Но сон не шел. И страха не было. Совсем ясная голова и какое-то беспокойство. Нетерпение, что ли, усталость от долгого лежания на спине? В вакуумной тишине палаты громко, как метроном, тикали часы, положенные на тумбочку у изголовья. И больше никаких звуков. Базанов надел наушники, повернул рычажок. Радио молчало. Читать не хотелось. И очень не хотелось оставаться один на один со своими мыслями. Мысли были клочковатые, они возникали — нечеткие, неоформившиеся и столь же быстро исчезали, чтобы уступить место другим таким же расплывчатым и ускользающим мыслям...
Вспомнились события двадцатилетней давности — Чебоксары, госпиталь, рота выздоравливающих...
— Поработал я в Чебоксарах в конторе одной непонятно даже кем, и такая меня оторопь взяла, что пошел обратно в госпиталь хоть вольнонаемным проситься,— рассказывал Базанов соседу. — Сурово, помню, меня там встретили: знаешь, мол, кто у нас в вольнонаемных состоит? Инвалид на инвалиде, которым и податься некуда. Не взяли, одним словом. Тогда-то я твердо решил уехать. И уехал.
— Да, — сказал Зыбин, сосед Базанова по палате. — Готовый рассказ. И выдумывать ничего не надо. А вы небось устали и спать хотите?
— Только не спать, — сказал Глеб. — Вчера крутился до утра: воспоминания одолели. Нету сил.
— Закономерно. — Сосед улыбнулся ободряюще. — Значит, опять станем разговаривать. Неужели так сели вот в поезд и поехали в Азию?
— Да, так вот сел и поехал. Сколько мне было? Двадцать. Я тогда и в Трою запросто мог бы поехать, если б военком чебоксарский майор Семин мог туда литер выписать. Подумаешь, Троя! Города и не с такими названиями штурмом брали! А о деревнях и говорить не приходится.
Но вспоминать сейчас о той поездке трудно. Потому что более двадцати лет прошло, и словно о постороннем человеке вспоминаешь, и многих мыслей того Базанова я не понимаю и некоторых поступков его не оправдываю. Это имейте в виду. Но слова из песни не выкинешь. Было. И философствовать тут, конечно, нечего : у всех у нас, фронтовиков, детство, юность и зрелость в один год укладывались. Зато и год службы не зря за три считали... Вы были на фронте? Ну видите, а я вам объясняю...
Приехал я в Ташкент к вечеру. Серый проливной дождь лупит. Вокзал маленький, жалкий, одноэтажный, забит людьми: дети, узлы, старики - одна куча, муравейник, ногу поставить некуда. Прошел я на носочках. Но и на площади перед вокзалом, и в скверике — полно. Вроде и быт какой-то наблюдается. Обжили люди землю, точно в таборе цыганском. Ноев ковчег, одним словом. Грязища под ногами киснет. Дети плачут. Картина знакомая: сколько таких вокзалов я перевидал за годы войны! Но здесь, чувствую, настроение у людей совсем иное — реэвакуация все это называется. Семьдесят тысяч сел уничтожили гитлеровцы, из трех тысяч наших городов почти две тысячи разрушили и спалили. Возвращаться людям куда? В землянки, в поросшие сорняками поля? Шалаши ставить зимой на улицах, заваленных кирпичом и щебенкой? Но вот возвращаются. Трудно жили, трудно жить будут, а вот возвращаются. И с радостью!
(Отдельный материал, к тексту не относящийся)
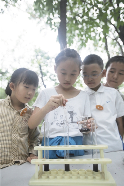 大树底下实验桌一溜排开,桌上摆放着试管、研钵等实验器材。孩子们在老师的带领下,从荷花、锦葵等植物的花瓣中提取出汁液,与两种不同的神秘物质混合,它们的颜色发生了变化。老师告诉同学们,神秘物质其实是日常生活中常见的物品——白醋和碱面,花瓣里的花青素遇到酸碱,就会发生颜色的改变。

«Но мне-то не по пути с вами, друзья мои горемычные !» — думаю. Походил я по площади, вглядываясь в незнакомые лица и высматривая знакомые, и подался вверх по улице куда глаза глядят.
Дождь еще сильнее сечет. Крупные пузыри вскипают на лужах - надолго дождь. Бежит навстречу мне,по обеим сторонам улицы, коричневая вода в канавках под деревьями. А деревья вдоль всей улицы — голые, продрогшие, мокрые. И пусто совсем на улице, безлюдно. Мелькнет нет-нет одинокая черная тень, прошмыгнет, скроется. Сыро, зябко, неуютно. Где ты, золотая моя Азия? Куда идти, где искать тебя?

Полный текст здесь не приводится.